On August 7, 2007, defendant was indicted by a La Salle County grand jury on one count of felony driving while license revoked. The indictment alleged that on June 24, 2007, defendant knowingly drove a 1987 Chevrolet vehicle upon a public highway in LaSalle, Illinois, at a time when his license was revoked, and that the basis for the revocation was a conviction for driving under the influence of alcohol. The indictment also alleged that defendant previously had been convicted of the offense of driving while license revoked, and that the basis for that revocation was also a conviction for driving while under the influence of alcohol. See 625 ILCS 5/11— 501 (West 2006).

Defendant filed a motion to quash his arrest and suppress evidence. At the hearing, Officer Thomas Belski of the LaSalle police department testified that on Sunday, June 24, 2007, at 7:13 p.m. he was on routine patrol. He ran a registration check of a 1987 Chevrolet pickup on his mobile computer, which disclosed that the license of the registered owner, defendant, had been revoked. The computer also disclosed that the owner had been issued an RDB but did not disclose the terms of the RDE Belski testified that the person driving the pickup truck strongly resembled the photograph of the owner that he was able to pull up on his computer. Belski stopped the vehicle, asked defendant if he was aware his license was revoked, and subsequently arrested defendant for driving while license revoked.
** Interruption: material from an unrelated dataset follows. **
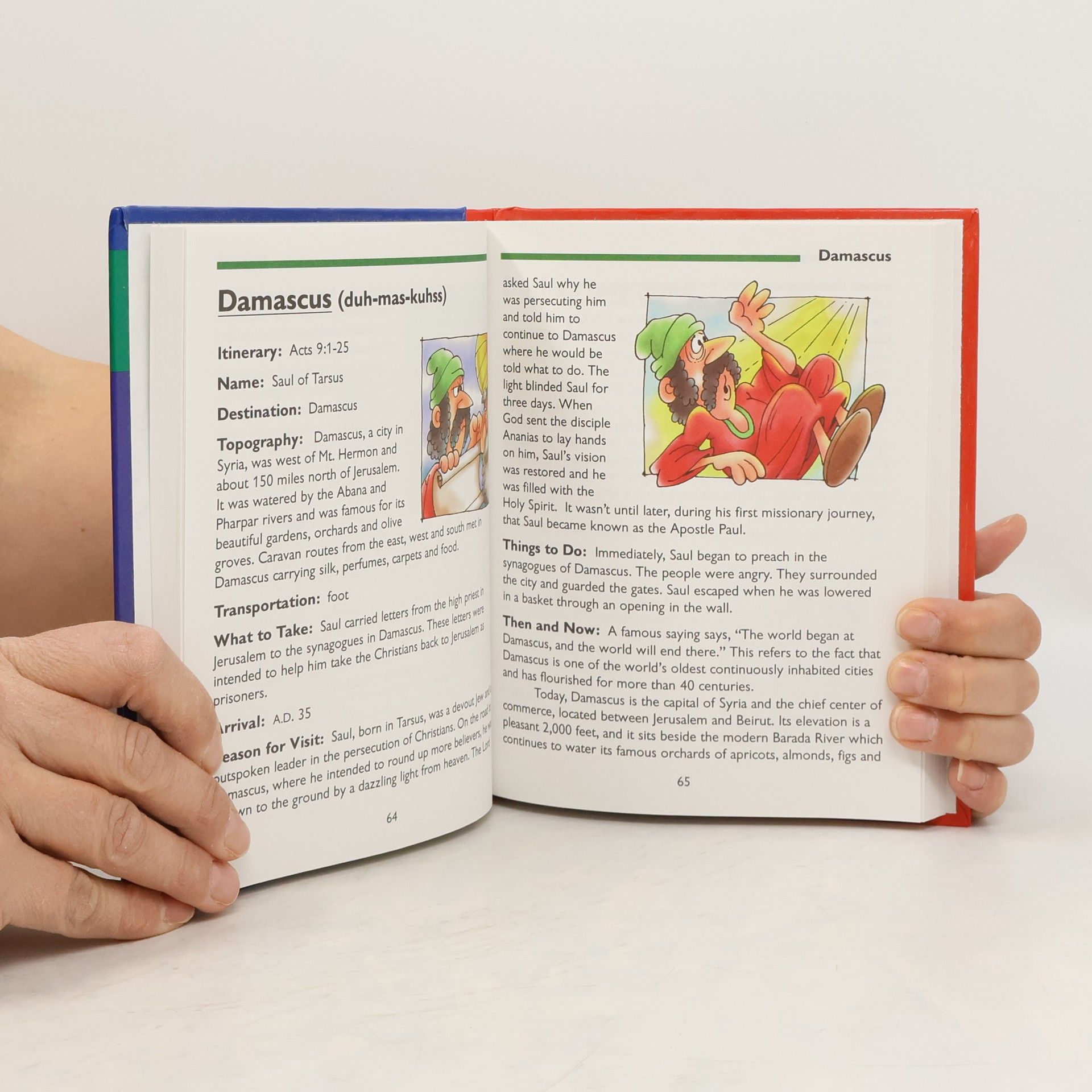An adventure into the ancient world of the Old and New Testaments. Each entry includes a modern itinerary of a Bible passage where the place can be found, the Bible persons involved in the story, how they travelled, the reason for the visit, and a then and now description of the ancient city.
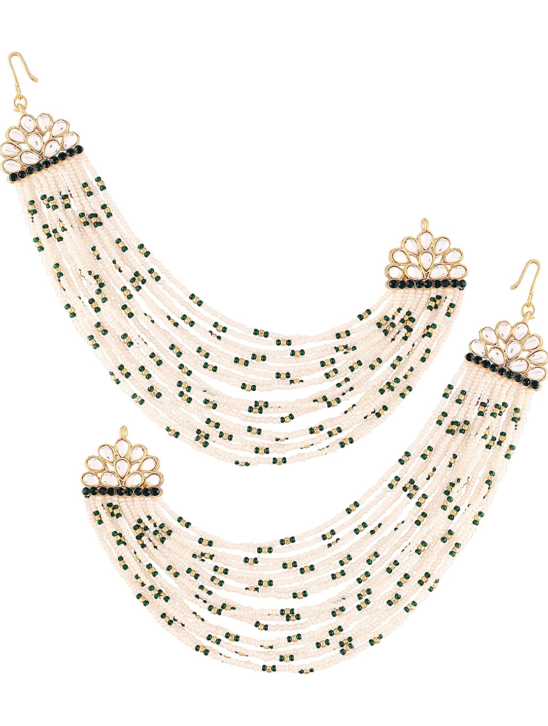 Kundan earrings with layered pearl chains attached. Available in three colors!

Prior to the stop, Belski did not observe defendant commit any traffic violation.

Defense counsel asked Belski, “The reason that you stopped the vehicle [was] because you had a hunch that he [defendant] was not driving within the periods of his restricted driving permit, isn’t that correct?” Belski answered, “Yes, I did.” Belski later explained that based on his experience, an RDP is typically issued for work or hardship, and prior to stopping defendant, he took into account the day of the week — Sunday; the time of day— 7:13 p.m.; and defendant’s clothing — a tank top, baseball cap, and sunglasses.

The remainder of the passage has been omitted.